DATA EXTRACT START
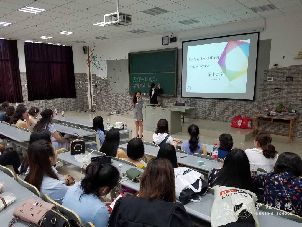 接着,同学们在班委精心制作的视频中回忆了大学四年的花样时光,同学们争先上台有感而发,表达对老师关爱的感恩,对同学支持的感谢,对即将离别的不舍。之后,同学们纷纷向两位老师献上准备好的康乃馨,拥抱老师倾述师恩难忘,老师们笑中带泪,给每一位同学送上班徽,叮嘱同学们要带着老员工活这一段沉甸甸的美好回忆走出校园,不要忘记始终努力学习,始终坚持医务工作者的慎独与初心,用心工作,用心对待每一位病人,将贵医精神传承下去。
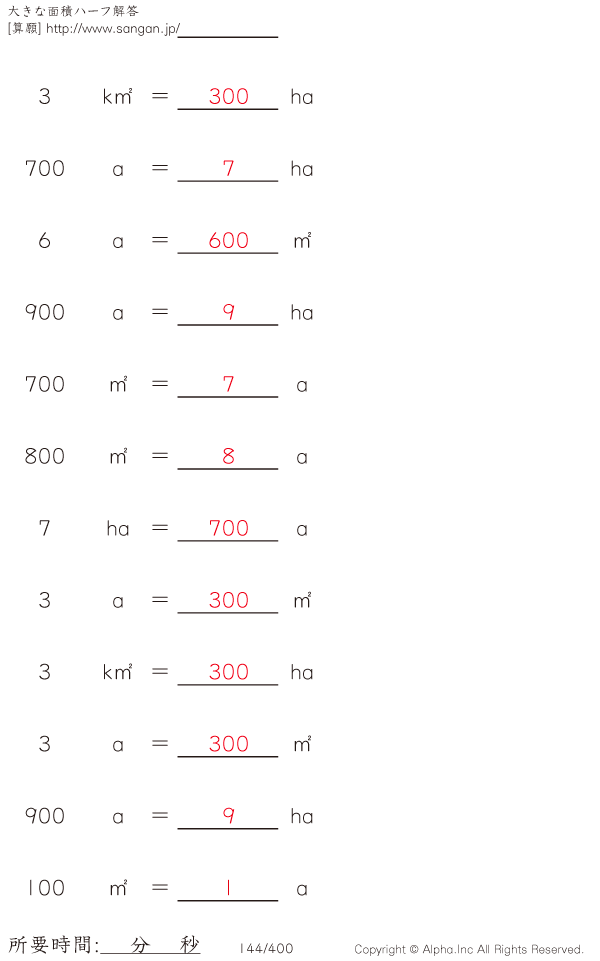 大きな面積・アール・ヘクタール@12 [解答]144/400
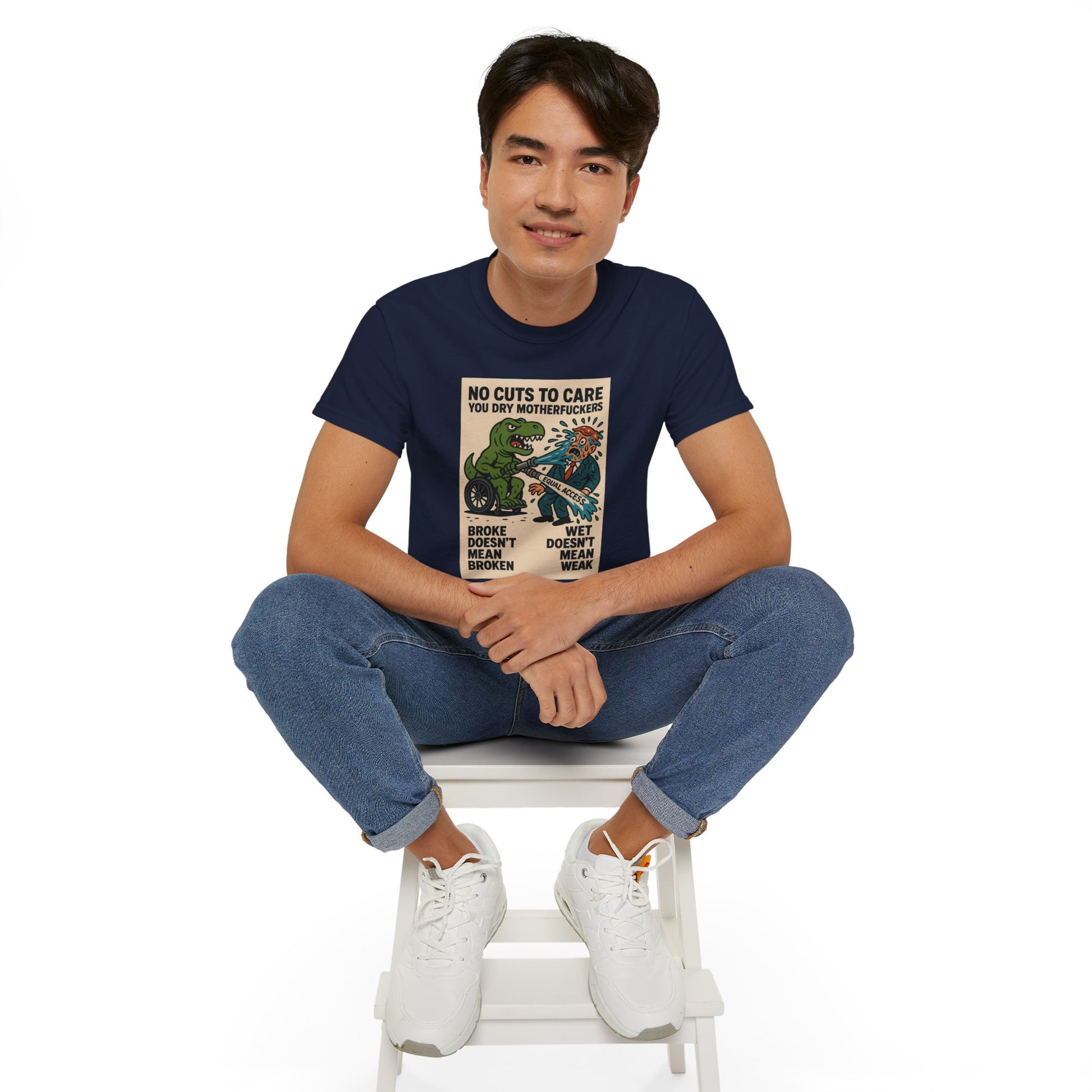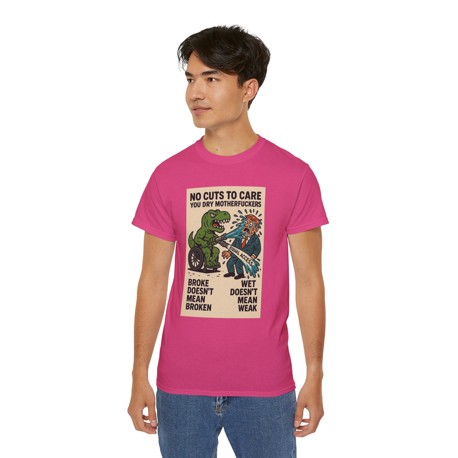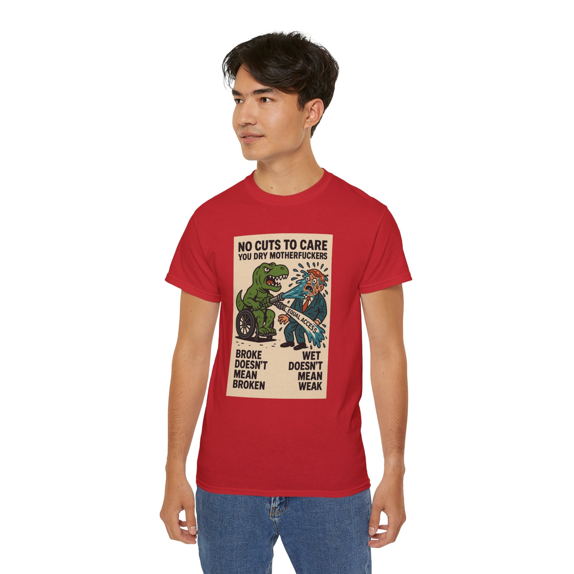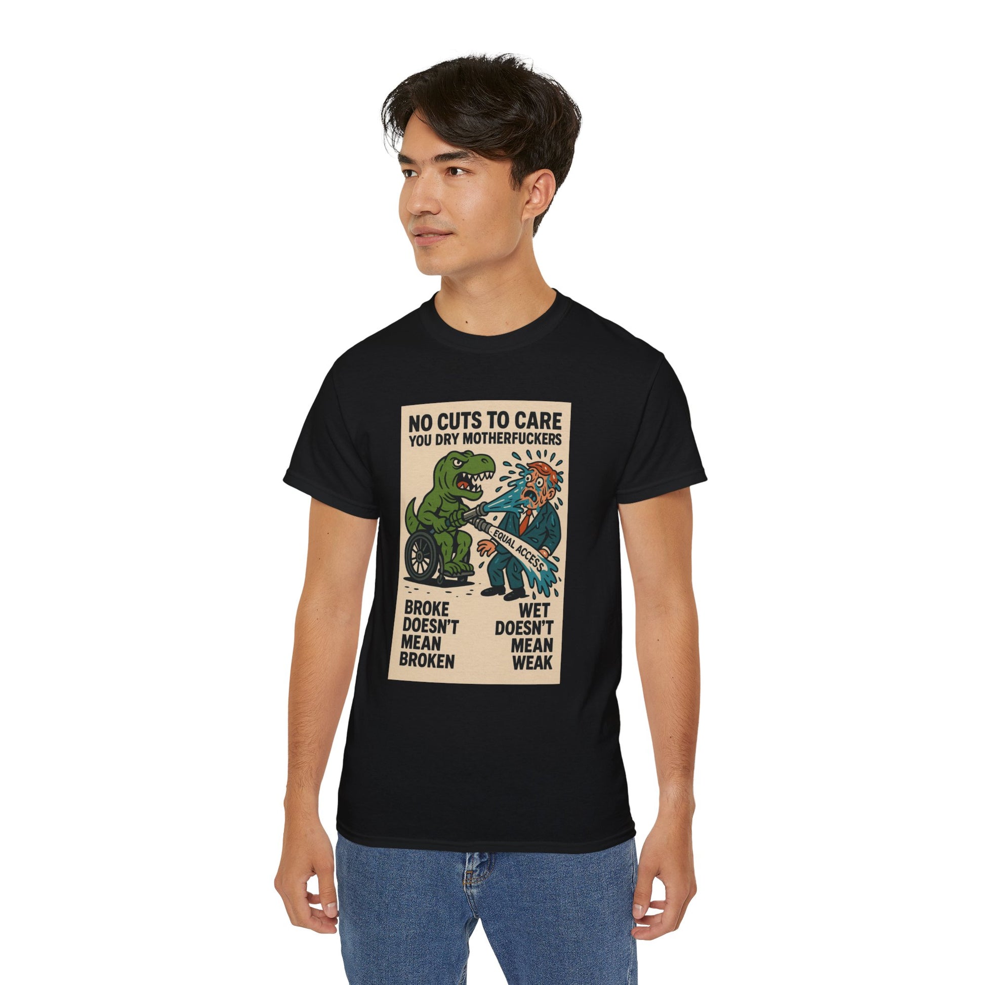 This one’s for every disabled badass who’s ever been told to “just be patient” while their care got ghosted, delayed, or denied. Our main character? A pissed-off T-Rex in a wheelchair, dual-wielding a firehose labeled “EQUAL ACCESS” and unleashing a biblical flood on some clueless, suit-wearing dry-ass politician. The message is loud, proud, and soaking wet: NO CUTS TO CARE YOU DRY MOTHERFUCKERS. Because if we can’t get healthcare, ramps, or respect — we’ll settle for unleashing prehistoric vengeance and drenching bureaucracy in justice. “Broke doesn’t mean broken” and “wet doesn’t mean weak” — this shirt spits truth harder than any motivational poster ever could.
DATA EXTRACT END
EXERCISE DETAILS »
Write the listing again exactly, duplicating every line and skipping the pictures.

RESPONSE BOX »
 接着,同学们在班委精心制作的视频中回忆了大学四年的花样时光,同学们争先上台有感而发,表达对老师关爱的感恩,对同学支持的感谢,对即将离别的不舍。之后,同学们纷纷向两位老师献上准备好的康乃馨,拥抱老师倾述师恩难忘,老师们笑中带泪,给每一位同学送上班徽,叮嘱同学们要带着老员工活这一段沉甸甸的美好回忆走出校园,不要忘记始终努力学习,始终坚持医务工作者的慎独与初心,用心工作,用心对待每一位病人,将贵医精神传承下去。
 大きな面積・アール・ヘクタール@12 [解答]144/400
 This one’s for every disabled badass who’s ever been told to “just be patient” while their care got ghosted, delayed, or denied. Our main character? A pissed-off T-Rex in a wheelchair, dual-wielding a firehose labeled “EQUAL ACCESS” and unleashing a biblical flood on some clueless, suit-wearing dry-ass politician. The message is loud, proud, and soaking wet: NO CUTS TO CARE YOU DRY MOTHERFUCKERS. Because if we can’t get healthcare, ramps, or respect — we’ll settle for unleashing prehistoric vengeance and drenching bureaucracy in justice. “Broke doesn’t mean broken” and “wet doesn’t mean weak” — this shirt spits truth harder than any motivational poster ever could.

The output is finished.